Always eager to retain their clients’ business, independent auditors have a powerful motive to avoid ruffling the feathers of senior corporate finance and accounting executives.
Thus, auditors might fall silent when a client makes an overly bullish statement about next year’s earnings. Or they might shy away from asking a finance chief for more information. But such timidity may short-change clients who need a rigorous audit to protect them against costly restatements. CFOs thus may want straight talk from their auditors – and if they do, they had better be aware of how forcefully they talk to them.
During periods when clients are evaluating their auditors, finance chiefs should know, for instance, that auditors are likely to become suspicious about why CFOs and controllers are speaking so confidently to them about their financials. “Are they trying to persuade us not to look so closely at how they recognize revenue?” auditors might be asking themselves.
In periods that follow auditor evaluations, on the other hand, auditors are likely to hear confident client statements like “I am absolutely certain that we’ll have a signed contract by the end of the quarter” as mere statements of fact, rather than attempts to persuade the auditor. In short, auditors get less paranoid when the pressure’s off.
In any case, senior corporate finance and accounting executives interested in getting reality checks from their auditors should know that those auditors are under stiff pressure to satisfy them and retain their business – and that such pressure may make auditors more prone to give their clients less-than-candid assessments.
Those are the main takeaways for CFOs of a recent study that looks at auditor sensitivities to the language their clients use. “Confidence is something that finance people and management leaders use without thinking about it,” says Sanaz Aghazadeh, an assistant professor of accounting at Lehigh University and a co-author of the study. But “it may be perceived as a persuasion tactic by the auditor.”
For the study, “Does Pressure to Satisfy Clients Influence How Auditors Perceive and Respond to Client Persuasion?”, Aghazadeh and Kris Hoang, an assistant professor of business at Tulane University, looked at how 85 auditors with varying levels of experience from large international accounting firms react to persuasive tactics from their clients and pressure to accommodate their wishes.
Among other things, the auditors were asked to respond to these expressions of client confidence: “I am absolutely certain,” “I know for a fact,” and “I am very confident.”
The professors conclude that client-services pressure – the kind that may occur when a senior audit partner tells auditors that the client will be completing a satisfaction survey at the end of the audit – changes how the auditor interprets a client’s expression of confidence in the numbers.
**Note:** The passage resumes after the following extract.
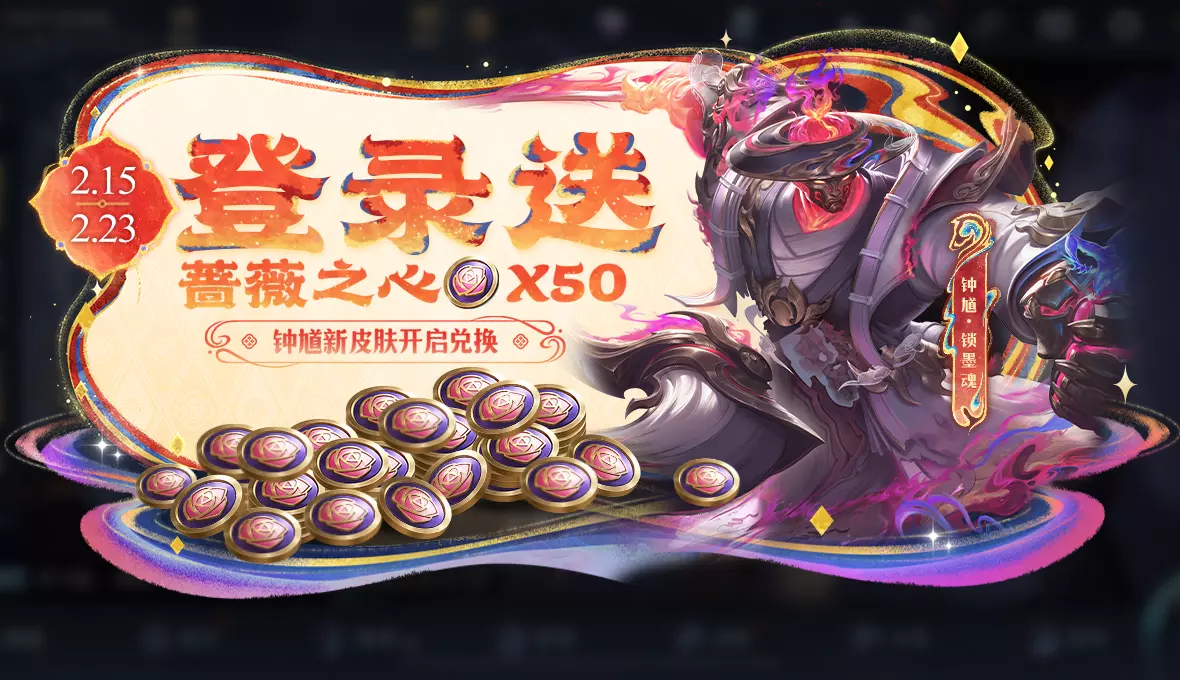 2月15日-2月23日,登录就送蔷薇之心×50!钟馗新皮肤即将开启兑换!

Auditors under such pressure “perceive client confidence as a cue to a persuasion attempt, rather than as an innocuous message,” according to the study.
But such skepticism about the client’s motives doesn’t spur auditors to fact-check the corporation’s numbers by consulting its vendors or customers. Auditors “only seek more powerful evidence when they encounter persuasive language under weaker client service pressure,” the researchers find.
“Thus, even though stronger client service pressure sensitizes auditors to persuasion, it simultaneously deters auditors from pursuing evidence from a more objective source,” they add.
Tossing out the Auditors
When auditors begin an audit, they consult with the corporation’s senior management first. “And management might have some sort of motive to either get the auditor out of their office, to stop collecting evidence,” says Aghazadeh, or “to get the auditor to see the accounting as they do.”
To be sure, auditors are required by the Public Company Accounting Oversight Board to conduct audits in a skeptical manner under all circumstances. “But auditors also are hired by the client and the client does complete satisfaction surveys on the auditor’s work,” she says.
When such surveys are being completed, auditors might become alert to clients’ possible perception “that this is a time where persuasion might be more effective, so they might be more likely to use it,” according to Aghazadeh. “But it seems that they’re not acting on this suspicion because at the same time, they still want to keep the client happy.”
To get a sounder audit, CFOs should be more willing to provide whatever confirming information auditors request, the professor recommends. Because they’re so busy with their other obligations, finance chiefs “have a tendency to stick an auditor in a room, give him a bunch of documents in a huge binder and hope that they leave [the CFO] alone,” she says.
But if they’re more forthcoming about the information, then the auditors “wouldn’t be too concerned about how invasive or bothersome they are being to the client.”
It’s also important for the CFOs to encourage face-to-face communication with auditors particularly with younger auditors. That’s because the latter tend to rely on texts and emails to communicate “rather than really getting in the face of the client,” she adds.